Mayor Pro Tem Shawn Pipoly stressed that, contrary to a social media website, the city will not be using any revenues from the street millage which passed in August of last year. Pipoly was backed up by City Manager Nate Geinzer, who said that none of the street millage will be used, with funding already having been previously obtained and earmarked specifically for that project. City Council has promised that a substantial portion of the 2.5-mill partial Headlee override, which went into effect with this summer's tax collection, will be used for neighborhood streets, with the initial project slated for the summer of 2020.

The roughly $1.1 million in revenue realized each year from the millage will be used to improve city streets, sidewalks, curbs, drainage structures and necessary rights-of-way. Under the estimated time frame, the Rickett Road project will start in the near future and be “substantially completed” by November, with final completion by December. City DPW Director Marcel Goch says the city had also wanted to install new sanitary sewer line and re-pave Rickett Road south of the railroad tracks to the south city limits, but due to the prohibitive cost of the project, that aspect will have to wait until the funds become available.

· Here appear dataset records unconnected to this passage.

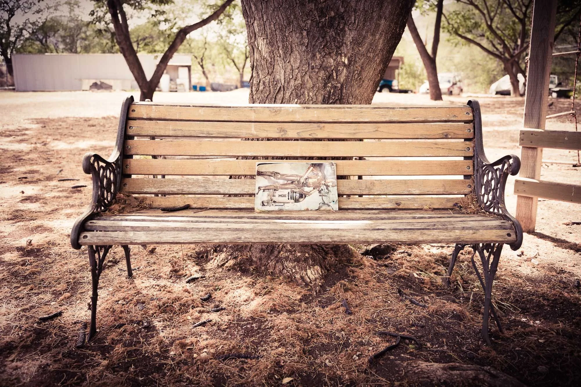 Empty wooden park bench with cast iron armrests and legs, positioned under a large tree with a wooden fence to the right, in a dirt area with sparse grass and a small damaged poster on the bench. View fullsize
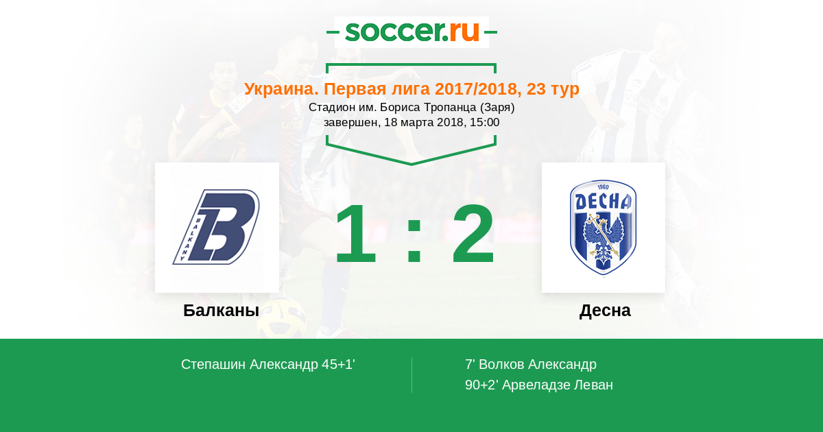| Десна | 6:0 | 6:0 | 0:0 |
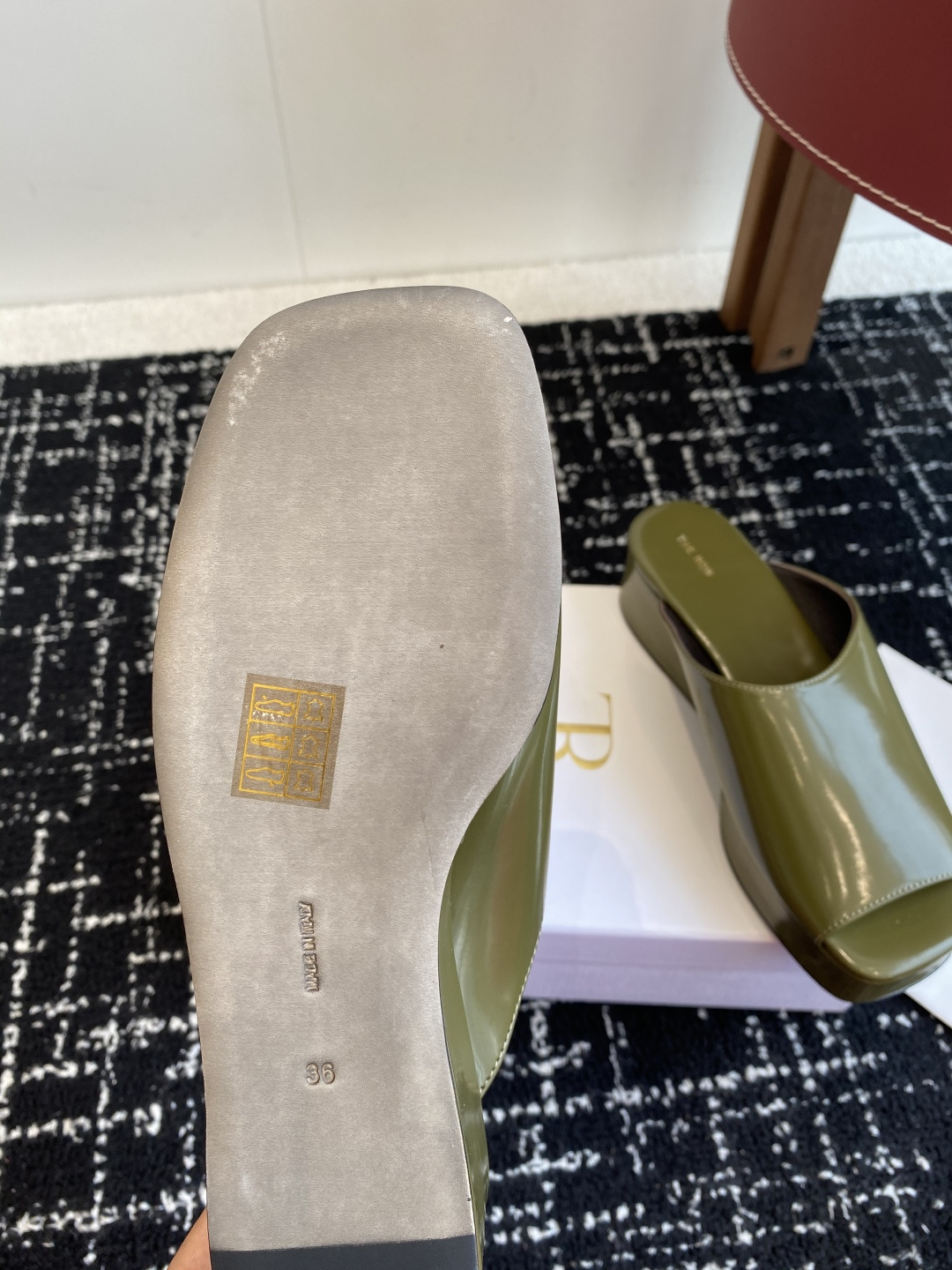 代购级 The row 25ss 春夏季新款 方头 鱼嘴拖 性冷淡风格最优选的颜色,化繁为简的美,春夏最值得入手的简约单品 自带高级气场的拖鞋,非常适中的厚底高度,也非常容易驾驭,非常舒适好穿,是可以单穿出去搭配衣服的拖鞋 日常度假都是必不可少,随便搭配一下都可以自带气场出现顶级制造! 鞋面:进口绵羊皮/进口开边珠 垫脚:山羊皮 鞋底:原版开模水台/真皮大底 跟高:2.5cm/5.5cm Size:35-41(40 41订做不退换).

A section of Rickett south of the tracks suffered a sinkhole and sewer line collapse last year that resulted in the necessity of spending $178,000 to replace that old section of sewer line and repair the roadway. Goch says he has applied for a Category F grant of $375,000 from MDOT to help pay the cost of new sewer main and reconstruction of Rickett south of the tracks. He had also applied for a grant for this fall’s Rickett project but, due to the limited amount of state funds available, it did not receive approval. (TT)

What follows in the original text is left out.